- [DATASET SECTION]

===============

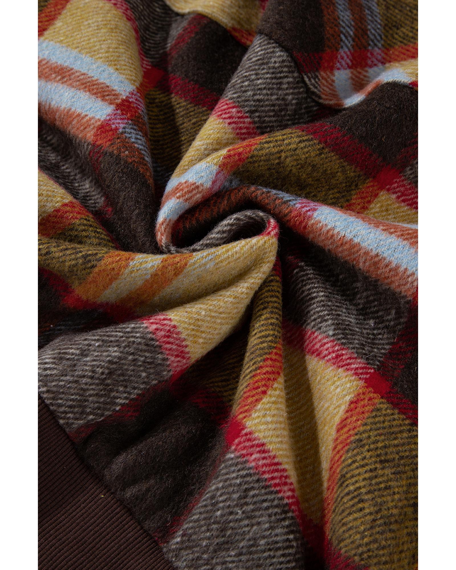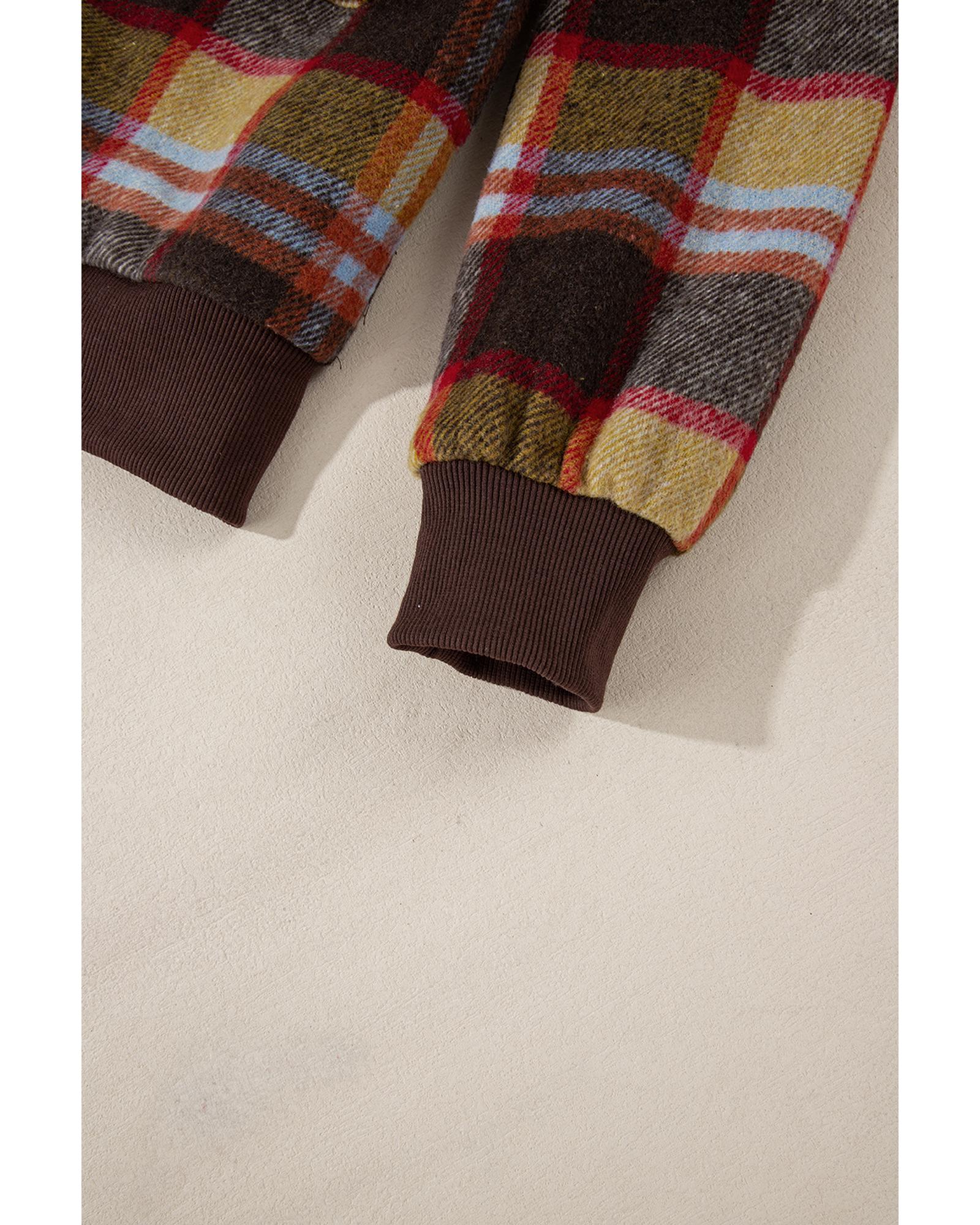 Brown Plaid Print Chest Pockets Button Zipper Stand Neck Jacket – S
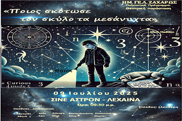 Το 14ο Διεθνές Φεστιβάλ Ανδραβίδας-Κυλλήνης ανοίγει αυλαία: «Ποιος σκότωσε τον σκύλο τα μεσάνυχτα» από την Θεατρική Ομάδα του Ημ. ΓΕ.Λ. Ζαχάρως
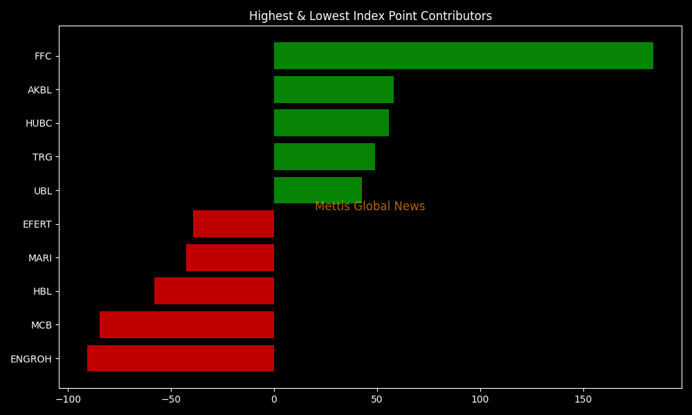 In terms of index-point contributions, companies that propped up the index were FFC (+184.12pts), AKBL (+58.12pts), HUBC (+55.82pts), TRG (+49.06pts), and UBL (+42.83pts).

===============

- [EXERCISE REQUIREMENTS]
Strip the images and return the remaining data exactly.

- [RESULT OF THE TASK]
 Brown Plaid Print Chest Pockets Button Zipper Stand Neck Jacket – S
 Το 14ο Διεθνές Φεστιβάλ Ανδραβίδας-Κυλλήνης ανοίγει αυλαία: «Ποιος σκότωσε τον σκύλο τα μεσάνυχτα» από την Θεατρική Ομάδα του Ημ. ΓΕ.Λ. Ζαχάρως
 In terms of index-point contributions, companies that propped up the index were FFC (+184.12pts), AKBL (+58.12pts), HUBC (+55.82pts), TRG (+49.06pts), and UBL (+42.83pts).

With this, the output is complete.